- What you will do: Go through the records below from the first line and print each one exactly, stopping after the line that contains "Von hier erreicht". Do not print pictures or anything past that line.

- Dataset entries:

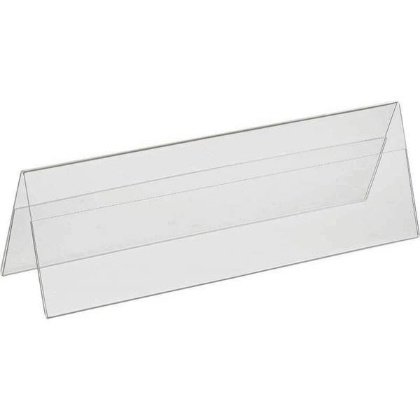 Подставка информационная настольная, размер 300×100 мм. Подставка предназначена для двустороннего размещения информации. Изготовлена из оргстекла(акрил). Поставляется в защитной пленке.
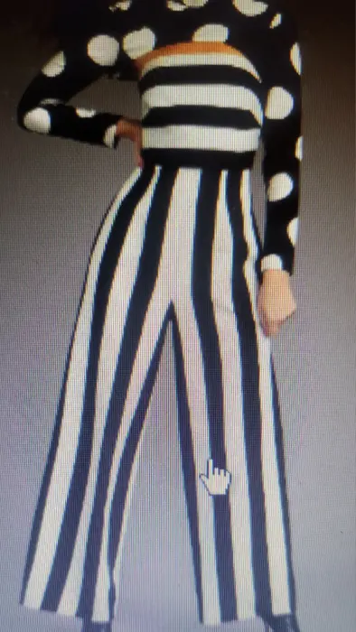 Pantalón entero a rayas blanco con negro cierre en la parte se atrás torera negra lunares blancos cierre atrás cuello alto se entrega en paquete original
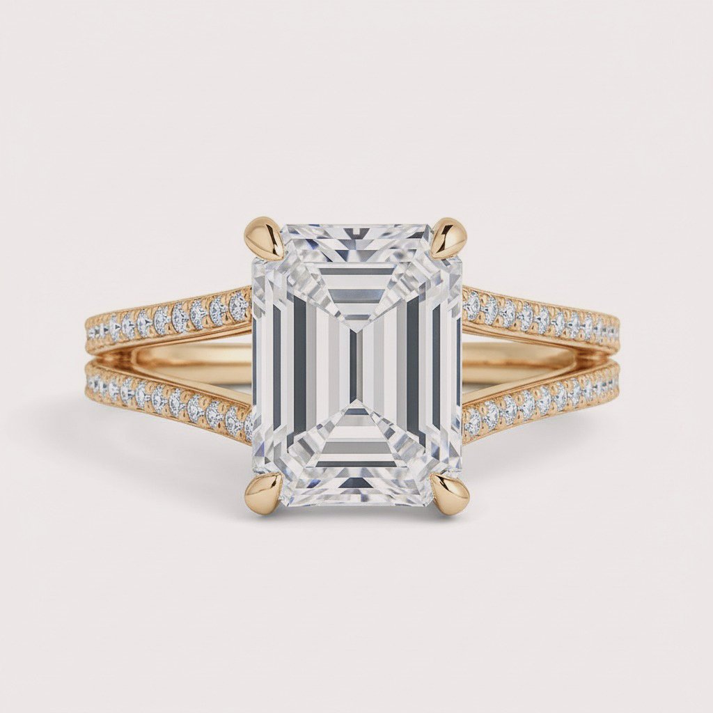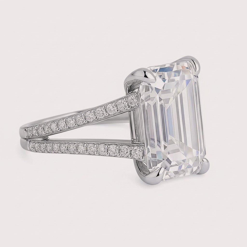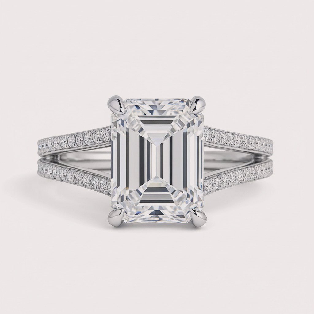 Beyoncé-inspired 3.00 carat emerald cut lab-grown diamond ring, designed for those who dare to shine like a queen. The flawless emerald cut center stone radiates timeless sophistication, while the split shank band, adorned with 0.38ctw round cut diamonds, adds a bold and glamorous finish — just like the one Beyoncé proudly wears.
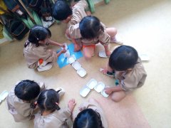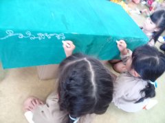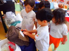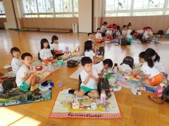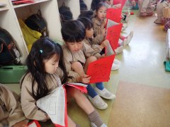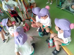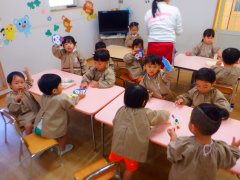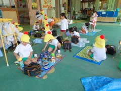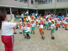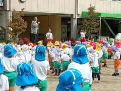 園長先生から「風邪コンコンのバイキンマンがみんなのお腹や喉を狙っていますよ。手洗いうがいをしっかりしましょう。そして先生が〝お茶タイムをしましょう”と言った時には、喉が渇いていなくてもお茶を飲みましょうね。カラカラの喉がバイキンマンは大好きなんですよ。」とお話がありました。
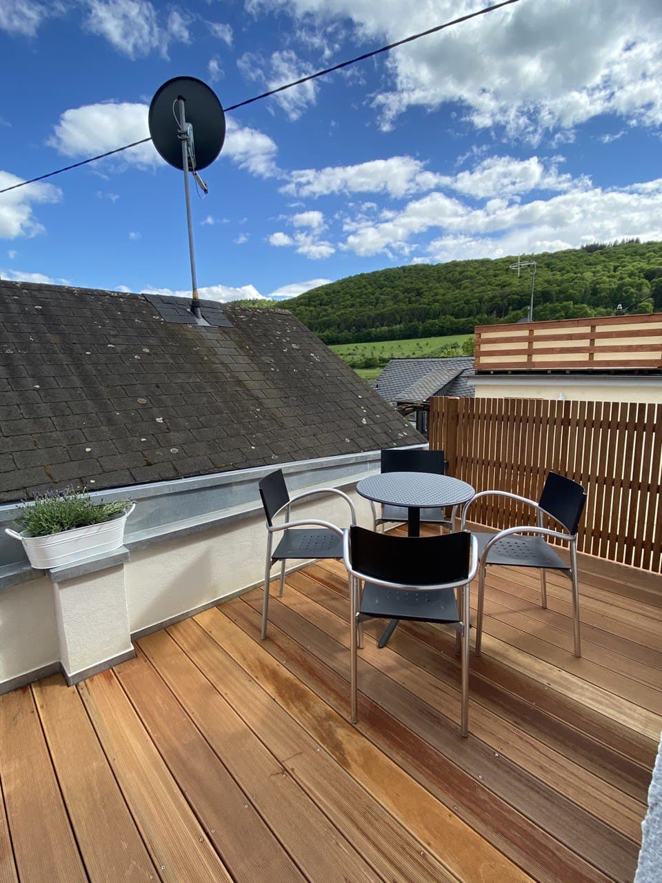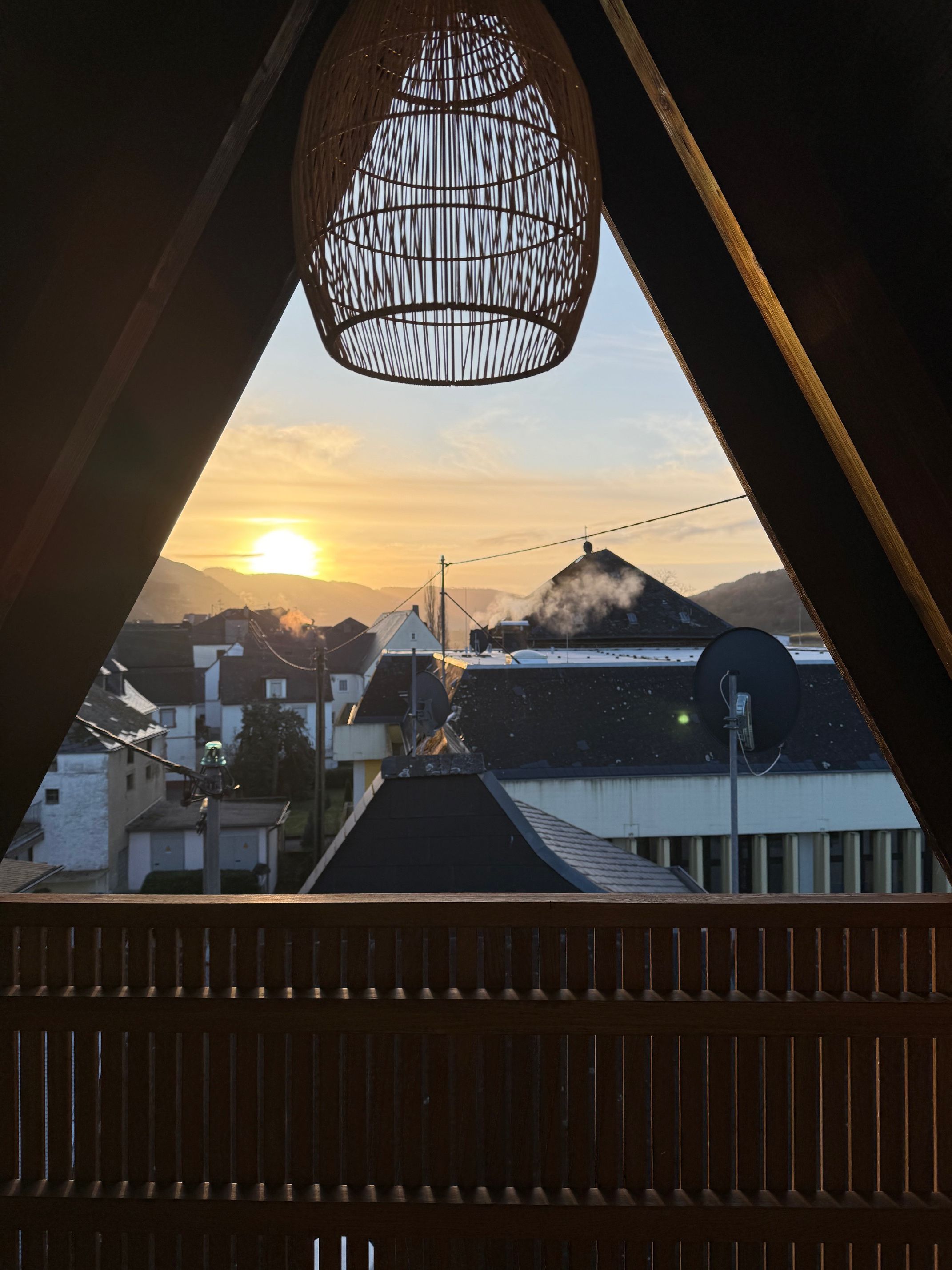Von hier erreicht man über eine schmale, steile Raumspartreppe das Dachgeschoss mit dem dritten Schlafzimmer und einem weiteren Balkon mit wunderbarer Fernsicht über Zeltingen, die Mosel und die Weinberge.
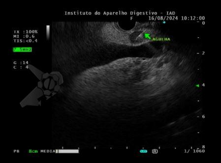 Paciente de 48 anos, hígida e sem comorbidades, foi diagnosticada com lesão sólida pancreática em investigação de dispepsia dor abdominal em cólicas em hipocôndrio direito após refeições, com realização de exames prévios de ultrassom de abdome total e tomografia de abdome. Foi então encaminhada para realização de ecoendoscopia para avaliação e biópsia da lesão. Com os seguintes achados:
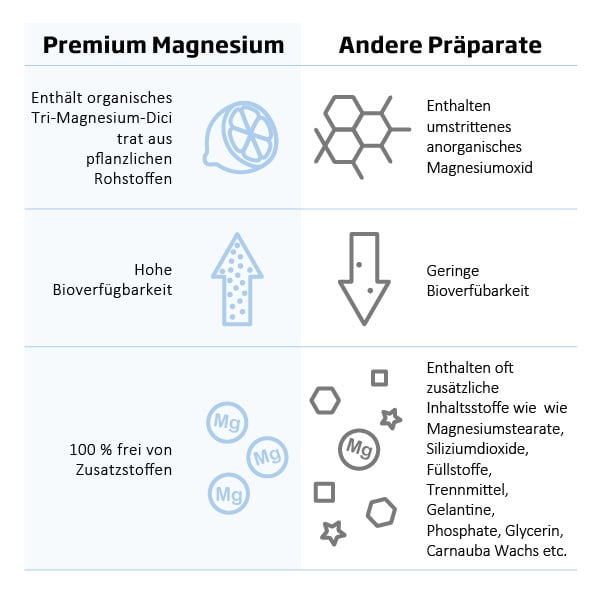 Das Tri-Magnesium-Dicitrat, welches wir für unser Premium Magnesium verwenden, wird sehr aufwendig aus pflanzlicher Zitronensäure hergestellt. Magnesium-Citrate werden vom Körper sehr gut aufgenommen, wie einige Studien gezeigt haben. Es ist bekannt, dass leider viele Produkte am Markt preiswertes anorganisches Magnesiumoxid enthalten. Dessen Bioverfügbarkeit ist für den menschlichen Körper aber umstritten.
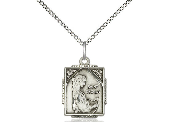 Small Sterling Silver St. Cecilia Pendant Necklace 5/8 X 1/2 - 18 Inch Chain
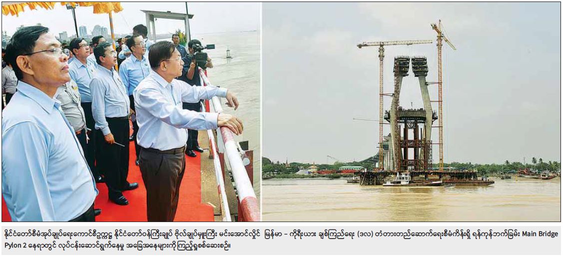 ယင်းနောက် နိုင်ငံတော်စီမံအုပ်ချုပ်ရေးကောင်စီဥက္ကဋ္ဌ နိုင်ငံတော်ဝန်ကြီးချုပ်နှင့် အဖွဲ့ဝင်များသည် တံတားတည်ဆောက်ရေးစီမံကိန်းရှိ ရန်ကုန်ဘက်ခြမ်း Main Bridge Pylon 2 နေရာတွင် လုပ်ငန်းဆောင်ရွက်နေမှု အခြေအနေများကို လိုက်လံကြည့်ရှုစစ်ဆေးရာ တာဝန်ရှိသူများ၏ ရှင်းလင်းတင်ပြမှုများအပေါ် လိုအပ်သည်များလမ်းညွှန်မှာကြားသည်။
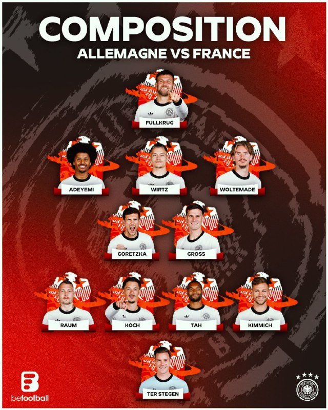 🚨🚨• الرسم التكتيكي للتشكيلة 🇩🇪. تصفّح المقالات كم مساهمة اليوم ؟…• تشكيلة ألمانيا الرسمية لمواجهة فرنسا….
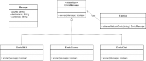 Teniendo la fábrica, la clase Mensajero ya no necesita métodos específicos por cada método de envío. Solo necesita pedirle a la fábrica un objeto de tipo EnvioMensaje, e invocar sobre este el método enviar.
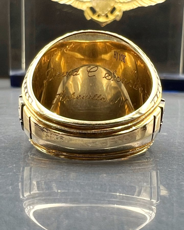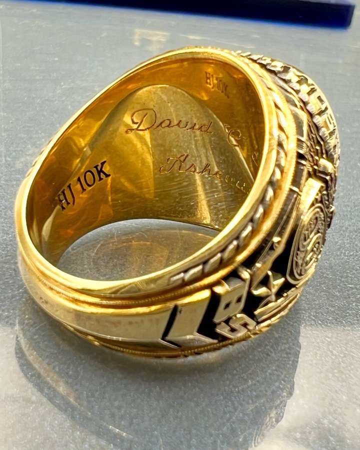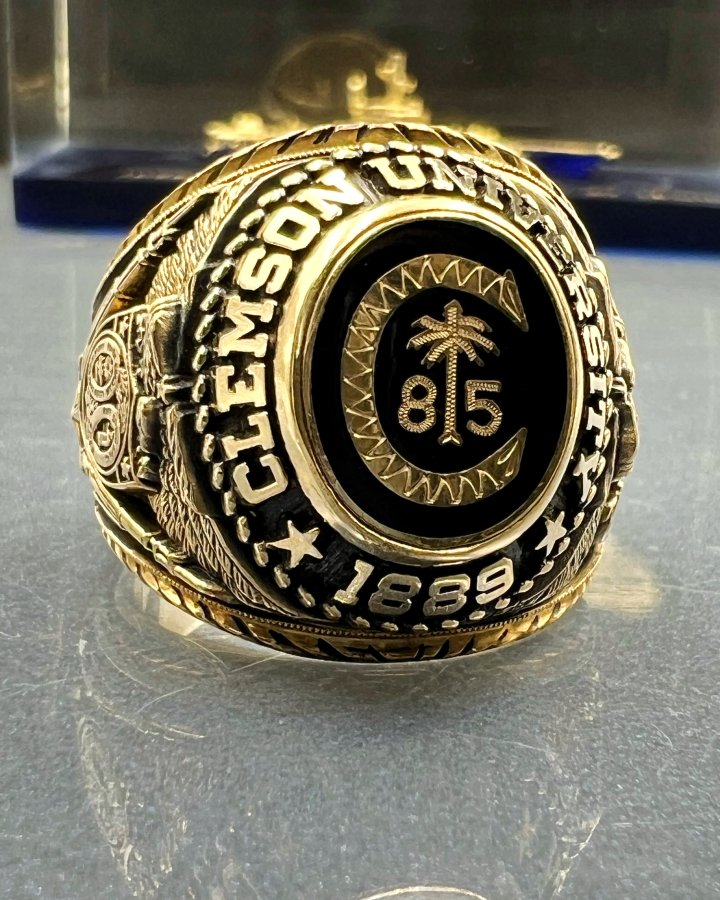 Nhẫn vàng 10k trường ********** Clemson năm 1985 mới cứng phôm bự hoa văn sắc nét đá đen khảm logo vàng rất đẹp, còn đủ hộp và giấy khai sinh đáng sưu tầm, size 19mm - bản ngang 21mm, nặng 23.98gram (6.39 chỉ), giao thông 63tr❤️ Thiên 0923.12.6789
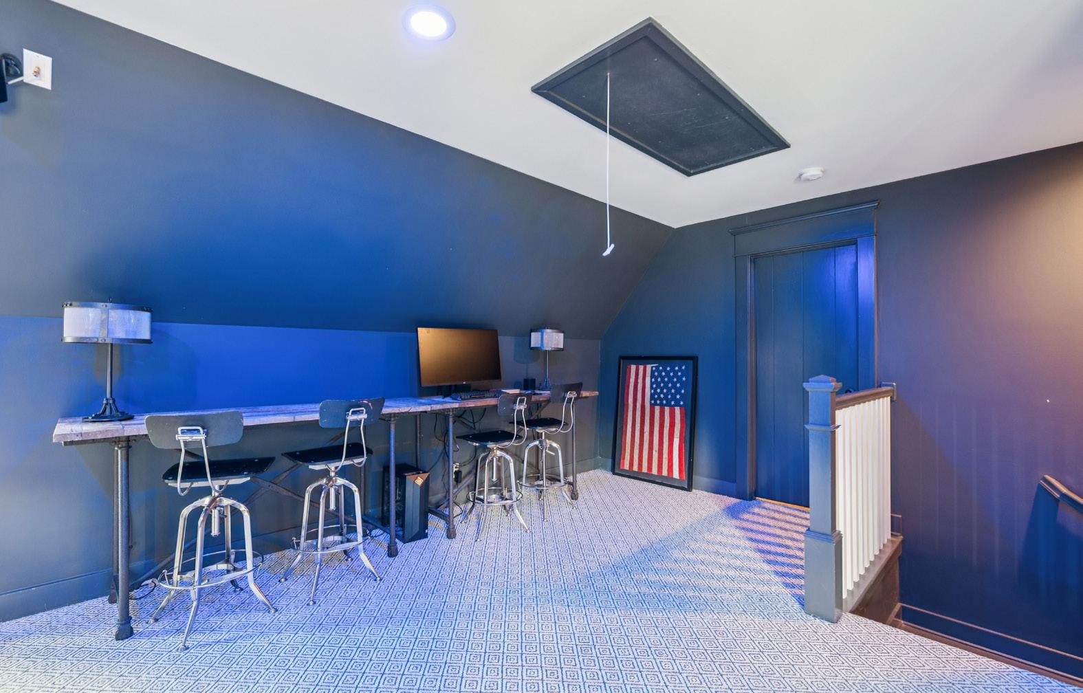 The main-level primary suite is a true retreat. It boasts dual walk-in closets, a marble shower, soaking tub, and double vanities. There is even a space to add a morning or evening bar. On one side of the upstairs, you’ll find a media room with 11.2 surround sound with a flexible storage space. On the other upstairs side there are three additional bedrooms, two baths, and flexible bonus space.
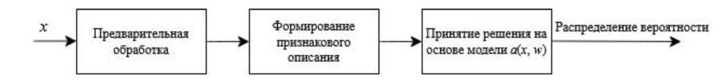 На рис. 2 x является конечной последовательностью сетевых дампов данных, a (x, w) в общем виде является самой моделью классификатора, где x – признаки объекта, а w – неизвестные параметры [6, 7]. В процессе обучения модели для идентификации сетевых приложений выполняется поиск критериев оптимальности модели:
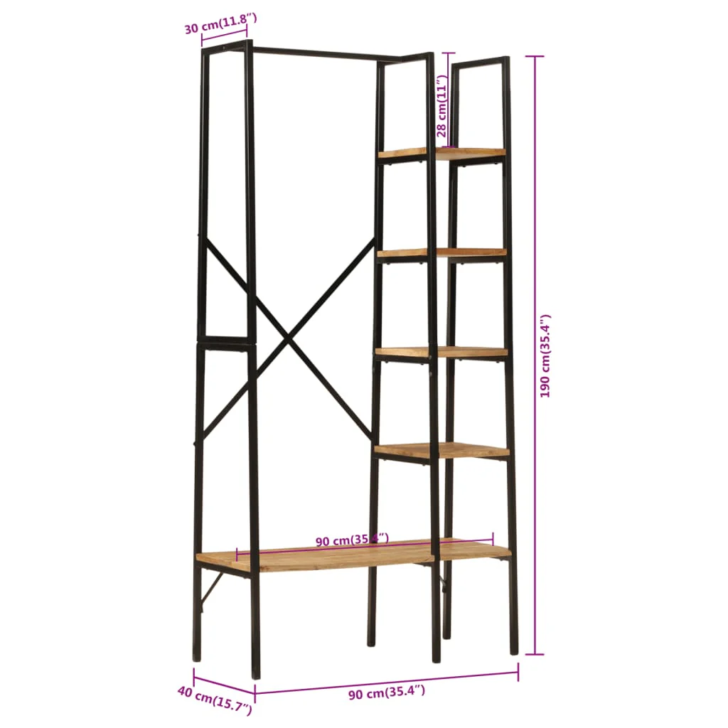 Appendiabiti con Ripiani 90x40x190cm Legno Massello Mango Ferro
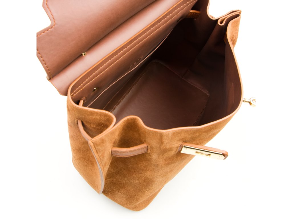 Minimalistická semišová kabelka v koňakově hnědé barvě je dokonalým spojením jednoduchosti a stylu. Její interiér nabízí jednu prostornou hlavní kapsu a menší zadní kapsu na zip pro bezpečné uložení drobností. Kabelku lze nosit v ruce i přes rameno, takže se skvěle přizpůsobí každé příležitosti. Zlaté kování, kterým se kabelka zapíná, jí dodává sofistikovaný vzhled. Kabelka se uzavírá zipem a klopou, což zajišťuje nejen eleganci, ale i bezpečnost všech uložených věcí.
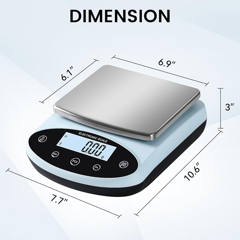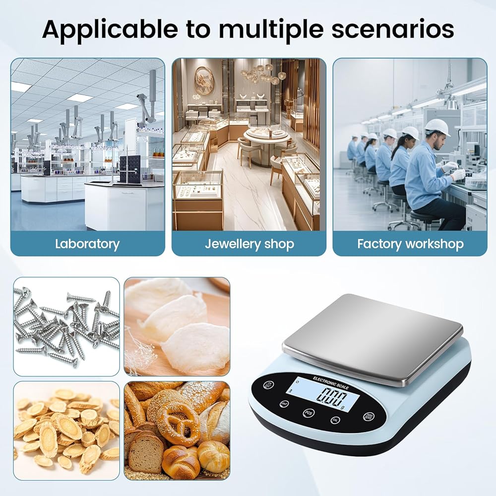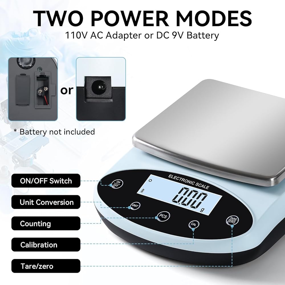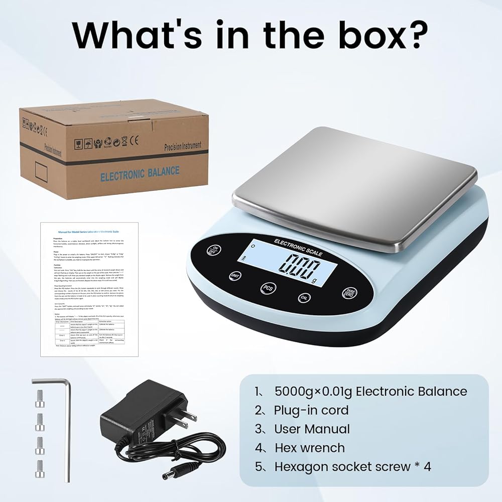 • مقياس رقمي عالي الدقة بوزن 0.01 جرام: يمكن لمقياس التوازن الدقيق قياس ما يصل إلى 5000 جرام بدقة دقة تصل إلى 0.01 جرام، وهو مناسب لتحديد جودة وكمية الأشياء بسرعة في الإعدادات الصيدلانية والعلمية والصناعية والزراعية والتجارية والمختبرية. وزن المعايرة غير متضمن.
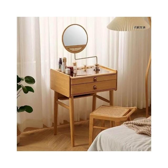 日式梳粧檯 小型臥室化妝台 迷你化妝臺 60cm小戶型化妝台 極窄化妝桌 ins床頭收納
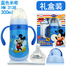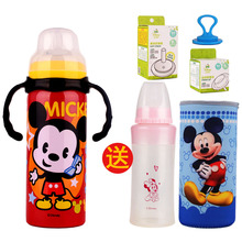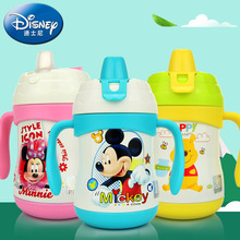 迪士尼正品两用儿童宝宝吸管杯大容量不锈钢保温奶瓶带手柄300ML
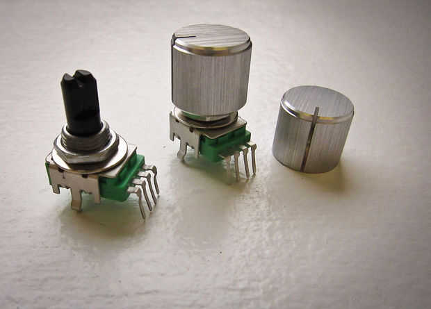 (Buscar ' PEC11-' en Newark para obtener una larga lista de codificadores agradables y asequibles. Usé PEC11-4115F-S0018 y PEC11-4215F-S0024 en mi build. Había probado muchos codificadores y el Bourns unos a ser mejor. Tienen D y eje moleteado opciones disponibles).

- Output for this task:
 Подставка информационная настольная, размер 300×100 мм. Подставка предназначена для двустороннего размещения информации. Изготовлена из оргстекла(акрил). Поставляется в защитной пленке.
 Pantalón entero a rayas blanco con negro cierre en la parte se atrás torera negra lunares blancos cierre atrás cuello alto se entrega en paquete original
 Beyoncé-inspired 3.00 carat emerald cut lab-grown diamond ring, designed for those who dare to shine like a queen. The flawless emerald cut center stone radiates timeless sophistication, while the split shank band, adorned with 0.38ctw round cut diamonds, adds a bold and glamorous finish — just like the one Beyoncé proudly wears.
 園長先生から「風邪コンコンのバイキンマンがみんなのお腹や喉を狙っていますよ。手洗いうがいをしっかりしましょう。そして先生が〝お茶タイムをしましょう”と言った時には、喉が渇いていなくてもお茶を飲みましょうね。カラカラの喉がバイキンマンは大好きなんですよ。」とお話がありました。
Von hier erreicht man über eine schmale, steile Raumspartreppe das Dachgeschoss mit dem dritten Schlafzimmer und einem weiteren Balkon mit wunderbarer Fernsicht über Zeltingen, die Mosel und die Weinberge.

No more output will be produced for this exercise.